How can I go about incorporating the CustomEase.js file into my typescript application?


Solution

  • There are several ways you can do this and they all have different implications. I find them all useful for different situations.

    Not knowing the basic structure of the file, if it is a module or a global, and not knowing how complex it is, it is difficult to say which would be the most suitable but here are a few options (there are many more)

    1. You can use --allowJs ("allowJs": true in tsconfig compilerOptions) which allows you to consume the JavaScript sources directly from comingled TypeScript source without any declarations needed. (ES Next syntax will of course be transpiled automatically)

    2. Write a declaration file by hand.

    3. Generate a declaration file automatically (also a great starting point for a hand written declaration) in the following manner

      • Create a copy of CustomEase.js

      • Rename it to CustomEase.ts

      • In a one time step, run tsc --declaration ./CustomEase.ts

      • Delete CustomEase.ts

      • Leave the generated CustomEase.d.ts declaration file alongside the JavaScript.

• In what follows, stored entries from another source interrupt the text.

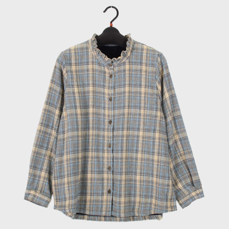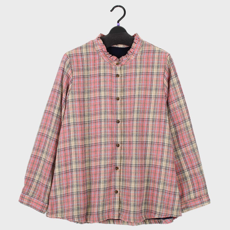 婦人大寸裏フリースフリル衿ビエラブラウス
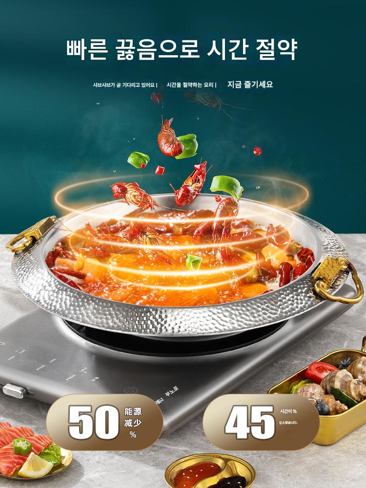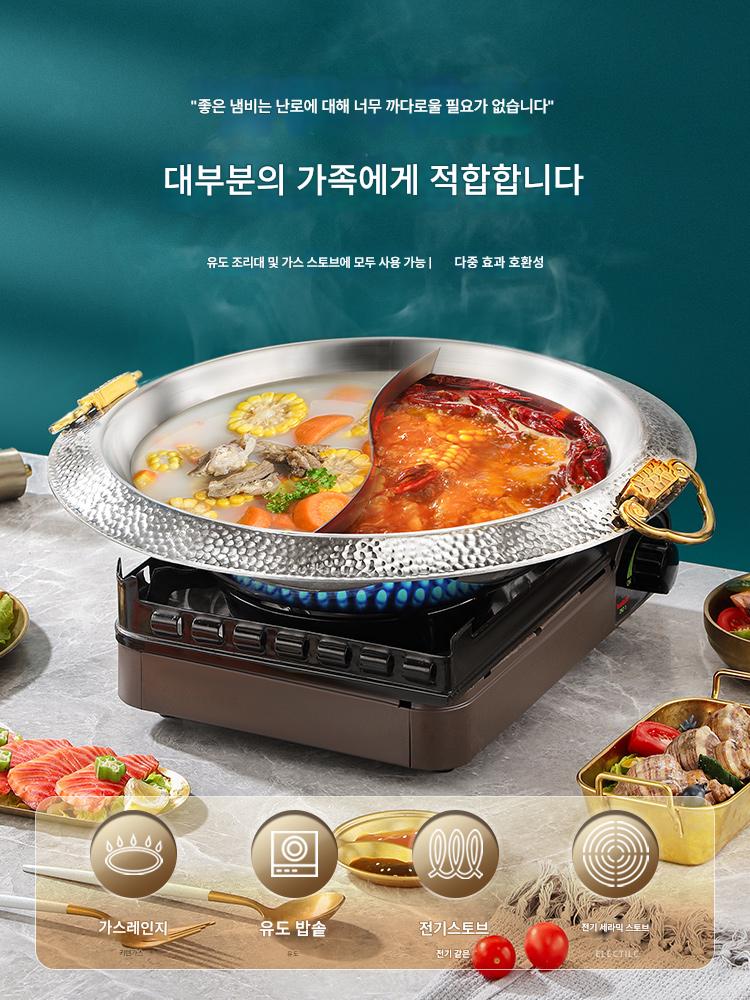 304 특대 두께 스테인리스 스틸 손잡이 수프 냄비 망치 패턴 핫팟 가정용 핫팟 냄비 샤부샤부 유도 쿠커 가스 스토브 범용
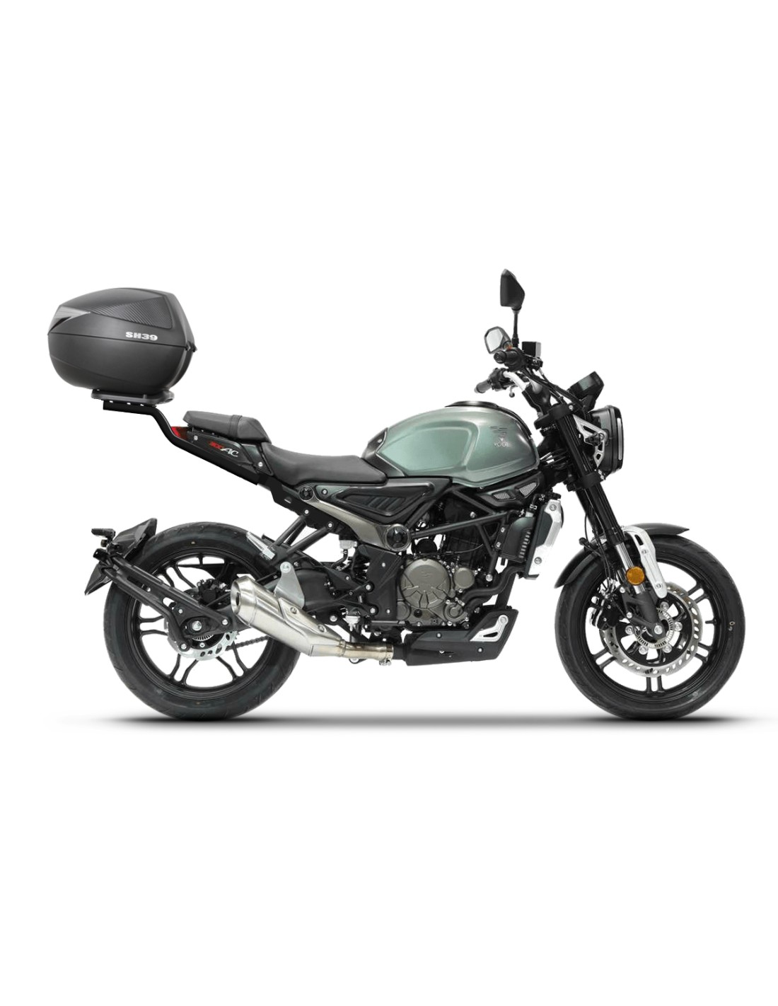 Fijaciones para montar una maleta superior a la moto.
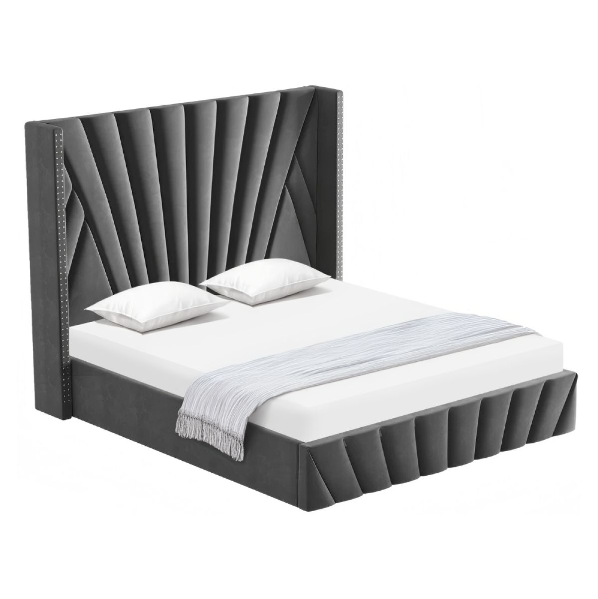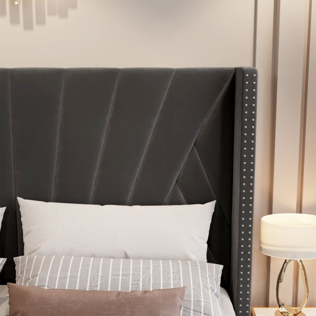 Pat cu grătar, 180x200, ţesătură gri închis Velvet, PENELOPE

    4. Rename the file to CustomEase.ts and leave it alone. You will probably get type errors but if it contains valid JavaScript, TypeScript will happily consume it and also transpile it as necessary.

    5. (Not recommended) If the shape of the file is very simple, for example if it just defines a global named customEase, you could just write

      declare const customEase: any;
      

      whenever/wherever you need to refer to it. (Note this is just an example since I have no idea what the file declares)

    If 2 or 3 work well, send it back to the maintainers and ask them to include it in future releases.